The supply chain of the oil and gas industry consists of components that span exploration and extraction, oil refining, and downstream chemical processing. A good part of the revenue comes from transportation-related demands. In the US, for example, motor gasoline accounted for nearly half of daily petroleum consumption in 2020. This hasn’t factored in the usage of residual fuel oil and jet fuel. In fact, the existing refinery as we know it is built with the objective to meet transportation’s substantial demand for oil. With chemical products making up around 20% of the overall oil demand, they are considered merely by-products in the oil refining process[2].

However, when combustion-powered vehicles are completely phased out, half of the oil sector’s revenue will be gone, likely weakening the competitiveness of oil refineries. But we think this will play out over a period long enough for the oil and chemical industries to adapt to a new operating environment.

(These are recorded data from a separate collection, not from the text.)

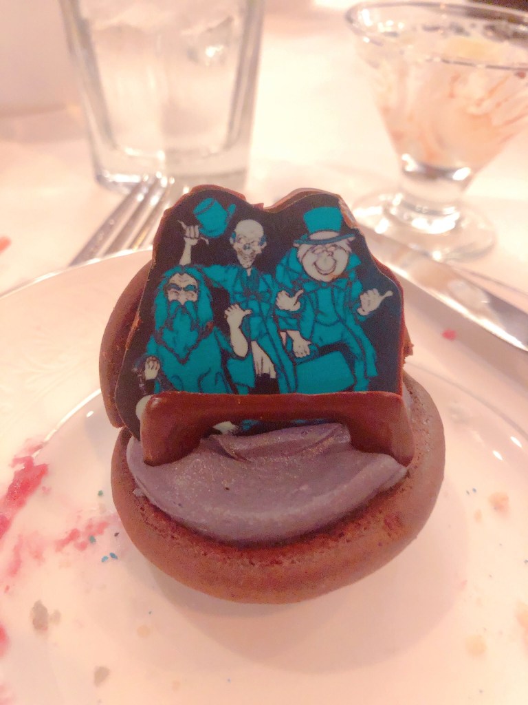 The last dessert was a whoopie pie that was also cutely themed. The Hitchhiking Ghosts are 3 spirits that Guests meet at the end of the Haunted Mansion so it was fitting to have a dessert that featured them. The whoopie pie was thick and very chocolatey. I was very full at this point so the chocolate was a bit overwhelming.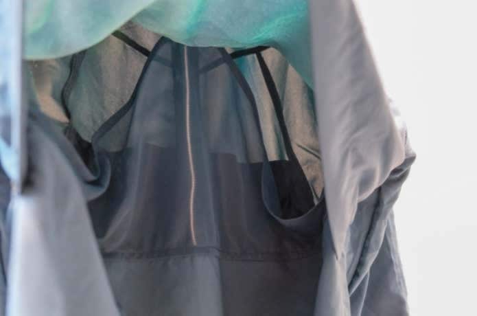 着てみたところ、ドットショットの穴から前方が見えるようにはなっているのですが、はっきりとは見えないので、このまま行動するのは難しい印象でした。強い日差しのもとでの停滞中にはいいですね!
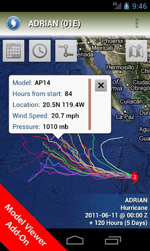 - Optional Forecast Model Viewer Add-On: View forecast models (also known as spaghetti models) for active systems on an interactive map complete with panning, zooming, and individual model point information when tapped. Features selectable models, start time, and run length.** (See http://www.nhc.noaa.gov/modelsummary.shtml for more information on forecast models)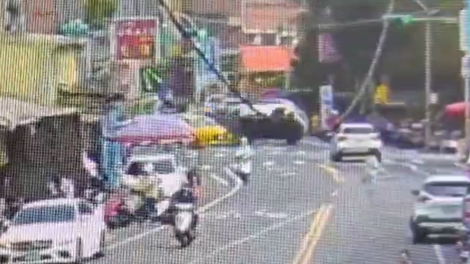車禍發生當下,一旁熱心民眾見狀紛紛衝上前自發性組成救援隊。眾人合力將沉重的速霸陸休旅車緩緩推翻回正,成功協助受困車內的王翁順利脫身。(畫面翻攝自Threads@jimmy_sun2145)
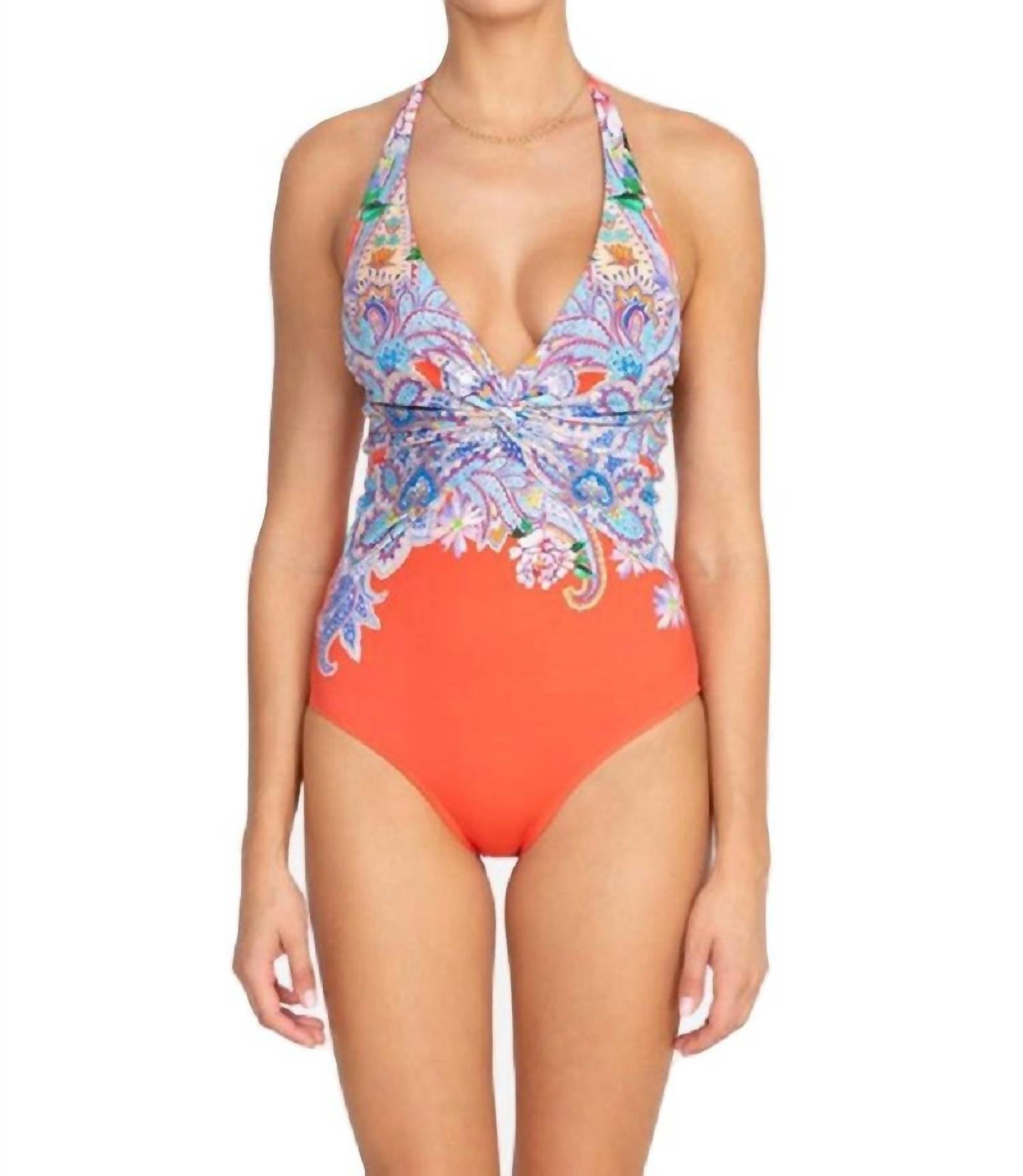 This one piece fits like a glove and covers all the right areas.83% Polyamid/17% elastane. Twist front one piece. Molded cups for added support. Sash tie at neck to adjust fit. Moderate back coverage. Fully lined. Model height: 5'10". Made from Xtra Life LYCRA. Chlorine, fade and pill resistant. UPF 50+ offers sun protection from harmful UV rays. Rinse in cool water after use. Dry thoroughly. Hand wash cold. Wash inside out, do not bleach, do not wring or twist. Line dry or flat dry, do not iron.
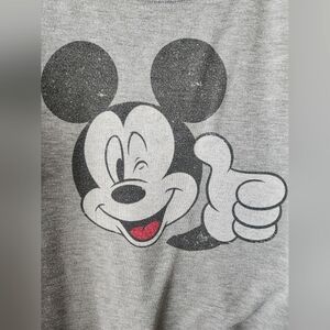 The grey sweatshirt featuring Mickey Mouse is a playful and cozy choice. Mickey Mouse in a classic pose, hands up and smiling.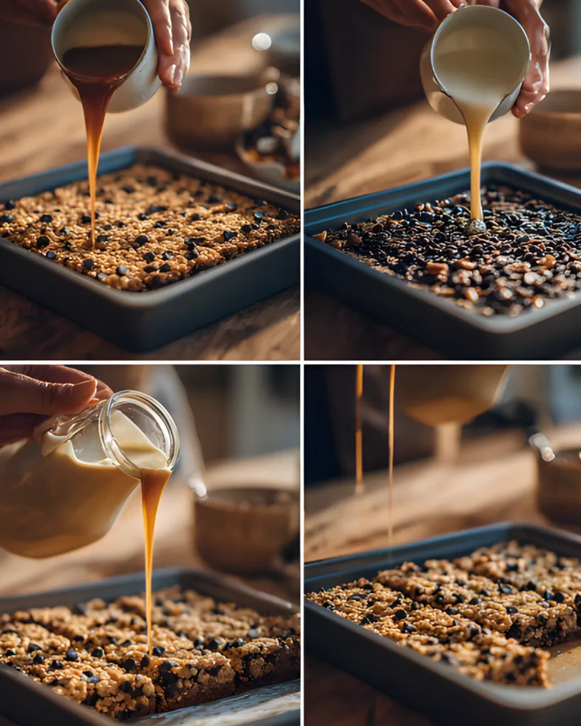 After that, drizzle the EAGLE BRAND Sweetened Condensed Milk over the entire pan. Finish with the vanilla extract. The milk ties the layers together and creates the rich texture that makes these bars so memorable.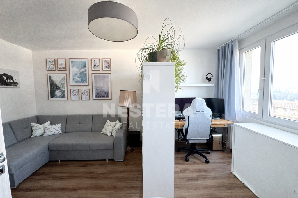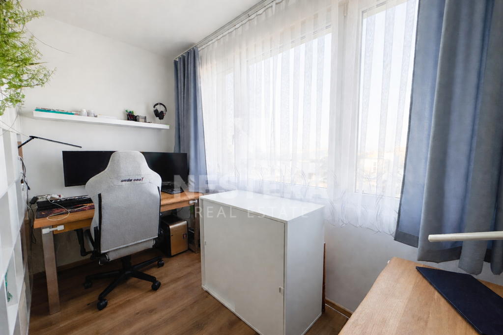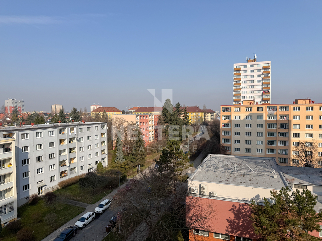 Díky umístění ve 7. patře je byt velmi světlý a nabízí otevřený výhled do okolí. Okna jsou plastová a orientována na západ a sever, což zajišťuje dostatek přirozeného světla během dne.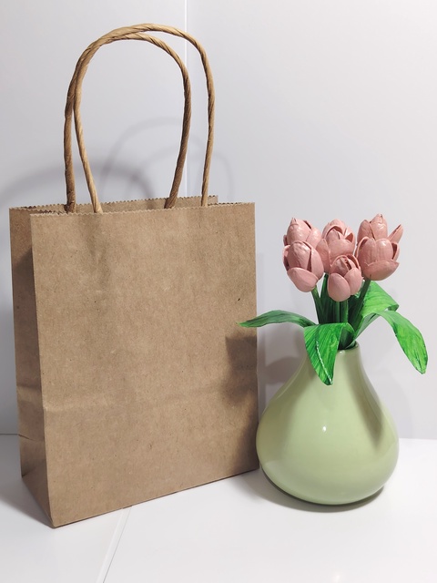 Aranjament handmade cu lalele din coji de fistic în vază. -Mic -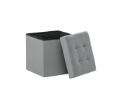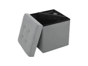 Пуф с ящиком для хранения объемом 40 л и обивкой из мебельной ткани велюр – идеальный элемент мебели для прихожей, детской комнаты или спальни. Квадратный мягкий пуфик Плуто разработан по требованиям комфорта, износостойкости и функциональности. Пуф в прихожую удобен: сидя на нем удобно переобуваться, внутри пуфа с ящиком можно хранить обувь и тапочки. Пуфики Плуто легко складываются, экономит пространство, складной пуфик легко перемещать, конструкция собирается за 10 секунд. Крышка пуфа декорирована стяжкой. Если у вас маленькая прихожая, мебель Leset выручит! Пуфы Плуто имеют прочный деревянный каркас, выдерживают до 100 кг. Для обтяжки пуфика для прихожей мы используем обивку ткань велюр, приятна тактильно и устойчива к износу. Пуфик с ящиком для хранения доступен в 5-и цветах. Модель универсальна, отлично впишется в любой интерьер, уместна как пуфик банкетка в спальню. Нужен пуф круглый на опорах мебельных из дерева? Смотрите другие пуфы и банкетки в нашем каталоге.
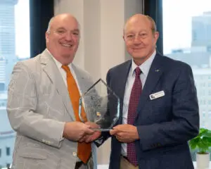 President’s Award Caption-2025-26 President Edmund J. Giering IV presents the President’s Award to George D. “Dave” Ernest III at the LBF Annual Meeting. Pictured L-R: Giering and Ernest. (Photo by Patrick Niddrie)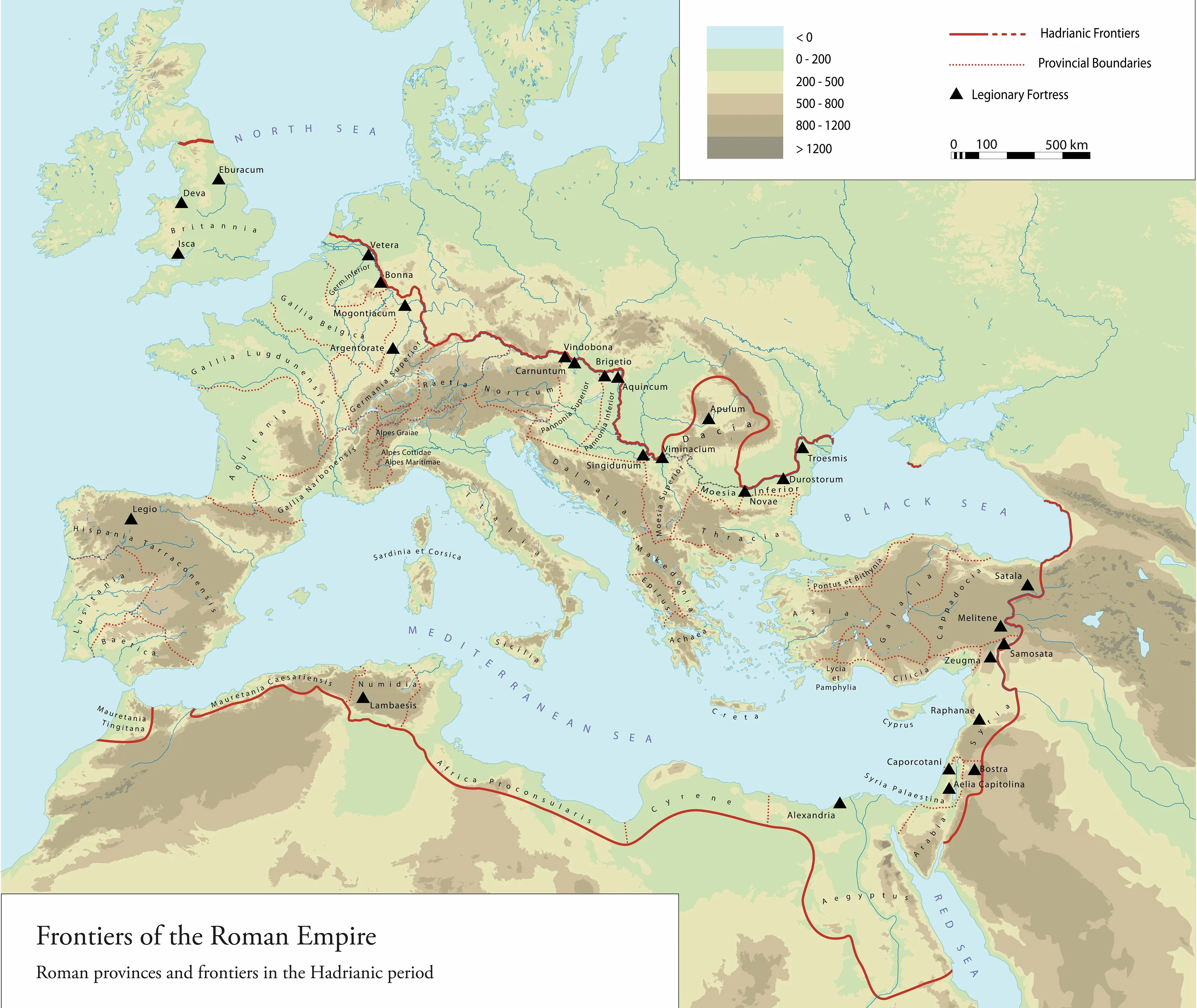 로마 제국 내에서 가장 유명한 방어벽으로, 거의 300년 동안 로마 브리타니아와 칼레도니아의 야만인들을 나누는 주요 경계선 중 하나였다. 북쪽에 세워진 안토니누스 방벽을 제외하면 하드리아누스 방벽은 제국 전역에서 유일했다. 하드리아누스 황제가 122년에 건설을 명령하여 브리타니아의 총독 플라토리우스 네포스에 의해 작업이 시작되었으며 126년경에 완공되었다. 방벽은 월센드(세게두눔)에서 보니스온솔웨이(또는 솔웨이 퍼스)까지 약 73 마일(80 로마 마일)에 걸쳐 있었다. 방벽은 가공할만한 수호자가 아니라 로마의 존재를 유지할 수 있는 기지로 계획되었다. 주로 보조군으로 구성된 로마군은 탑에 병력을 배치하여 국경을 감시하고 수비적으로 모든 대규모 적군과 싸워야 했다. 직접적인 공격이 있을 경우, 적절한 방어뿐이었데, 아마도 때때로 브리타니아에서 로마 세력의 붕괴를 설명할 수 있을 것이다.

With Asia becoming the primary growth engine globally, we won’t be surprised if western oil refineries opt to pull out of the market altogether as their refining facilities might have depreciated beyond the point at which further investments in enhancing product mix is uneconomical. But we think situations are relatively better in Asian countries. Given robust economic growth forecasts compared to the West, there remains to be room for petrochemical product demand to grow. If improvements are made to the design of new production facilities, we think Asian refineries will make a steady transition to the new operating environment. In fact, many newly built refining and chemical plants in China have substantially scaled up the production of petrochemical products.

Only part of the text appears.